California’s Supreme Court ruled on Thursday that the state’s bar can admit a man who graduated from law school and passed the state bar but is an undocumented immigrant.
“We conclude that there is no state law or state public policy that would justify precluding undocumented immigrants, as a class, from obtaining a law license in California,” the court concluded in its 34-page decision.
The unanimous ruling, written by Chief Justice Tani Cantil-Sakauye, concerned the case of Sergio C. Garcia, 36, who was born in Mexico in 1977 and taken to California by his parents when he was 17 months old.
He remained there until 1986, when he and his parents returned to Mexico. Eight years later, at age 17, Garcia again returned to California with his parents and without documentation, though his father had obtained permanent resident status in the United States.
That year, Garcia’s father filed an immigration visa petition on his son’s behalf, which federal immigration officials accepted in 1995. But, 19 years later, the visa has not been granted, even though Garcia has lived in the state since 1994.
After graduating from high school, he attended Butte College, California State University at Chico and Cal Northern School of Law, which awarded him a law degree in 2009. That year, he passed the California bar exam but was not admitted because of his immigration status, even though the body that issues the licenses — the Committee of Bar Examiners — recommended that he be allowed to practice.
The matter ended up in the California state court system.
The state’s Supreme Court noted that an argument had been made that an undocumented immigrant cannot properly take the oath of office “since he will be in violation of federal law while he takes the oath and at all times later until he either becomes legal or leaves the United States.”
But it said prior cases in the state did not invariably support the proposition that, because an applicant’s conduct may violate a law, he was not qualified to be admitted to the bar or to take the oath of office.
It cited a 1966 case, Hallinan v. Committee of Bar Examiners, that concluded that “every intentional violation of the law is not, ipso facto, grounds for excluding an individual from membership in the legal profession.”
Immigration officials would be unlikely to pursue sanctions against an undocumented immigrant who had been living in the United States for years and educated in this country and whose sole unlawful conduct was his presence in this country.
“Under these circumstances, we conclude that the fact that an undocumented immigrant’s presence in this country violates federal statutes is not itself a sufficient or persuasive basis for denying undocumented immigrants, as a class, admission to the State Bar.”
The Obama administration opposed Garcia’s admission to the bar, saying that federal law demanded that legislation be enacted granting an undocumented immigrant the right to practice, according to a summary published by lawprofessors.typepad.com.

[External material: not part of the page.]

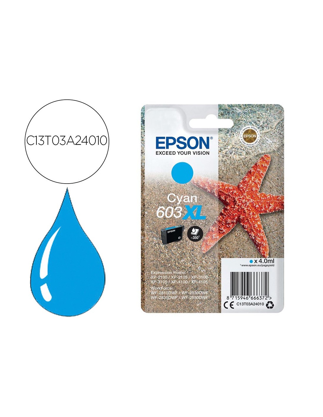 C13T03A24010 CARTUCHO EPSON XP-2100 603XL CIAN 350 PG.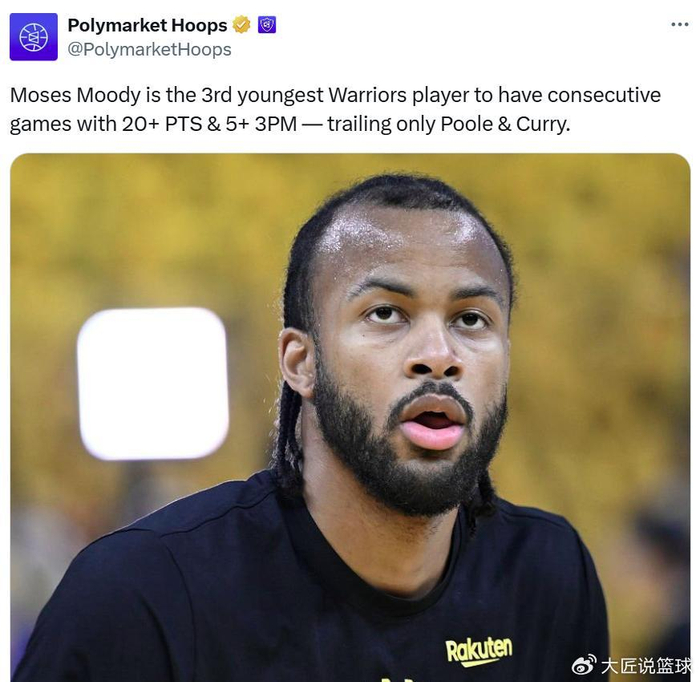凭借这样的表现,23岁159天的穆迪成为勇士队史连场砍下至少20分+5记三分第三年轻的球员,前二分别是库里和普尔,上一场对阵太阳穆迪也有24分+5记三分入账。

The Justice Department said no one was available to comment on the case.
Last year, the state legislature took up the matter, passing a bill that allowed the court to admit “an applicant who is not lawfully present in the United States [who] has fulfilled the requirements for admission to practice law…” That “greased the skids” in making the court’s work easier, said Dan Kowalski, editor of Bender’s Immigration Bulletin and himself an immigration attorney.
“I think it’s a natural, logical decision,” he told CNN in a telephone interview, adding that he expected other states to follow suit.